I’ve been here about a month and I’ve decided to get the blog up and running. It’s gone by really quickly, but quite slowly at the same time. Lots done and my head has almost stopped spinning. I’ll try and bring you up to speed as quickly as possible…
Arrived in Tokyo in the 17th of August. Got off the plane and hit a wall of heat. Summer was in full swing and the humidity was intense. Luckily most of my time in Tokyo was spent in an air-conditioned hotel. We had a two-day orientation, which basically reviewed a lot of info that was already in our handbook, just to make sure everyone was “on the same page.” It was nice to meet some other new JETs and see how their last month had been. I had about four weeks notice to sort myself out, but some people only had two weeks! I can’t imagine how stressful that would have been.

The Tokyo Metropolitan Government Offices, opposite the hotel
We had the chance to go out and explore in the evenings.

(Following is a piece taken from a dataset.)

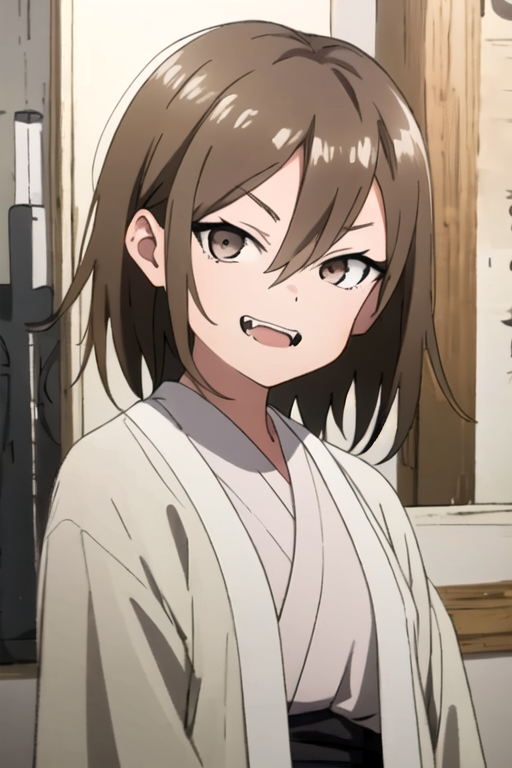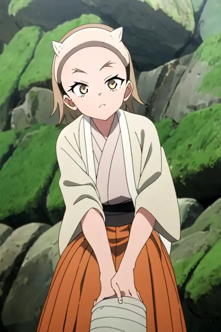KunoichiDokudami, 中长发, 发带, 和服, 橙色裙子

The streets were hot and humid – about 27C even at 10pm. I’ve never seen anything like Tokyo at night. It was like walking through a theme park, all flashing lights and strange writing. The streets were immaculately clean and not a spot of graffiti anywhere. I had to remind myself that I was actually there and that it wasn’t a dream. The whole experience just seemed very odd.

A tourist friendly menu outside a restaurant
We ended up in a little noodle shop on the first night, but on the second night we splashed out and went for drinks on the top floor of the Hyatt hotel (where Bill Murray did his drinking in Lost in Translation – a bit cheesy I know, but the views were incredible, the lights just went on and on). On the way back we popped into a pachinko parlour (basically a vertical pinball game). It’s hugely popular in Japan. Apparently the Yakuza (Japanese mafia) launder a lot of money through them – good to know.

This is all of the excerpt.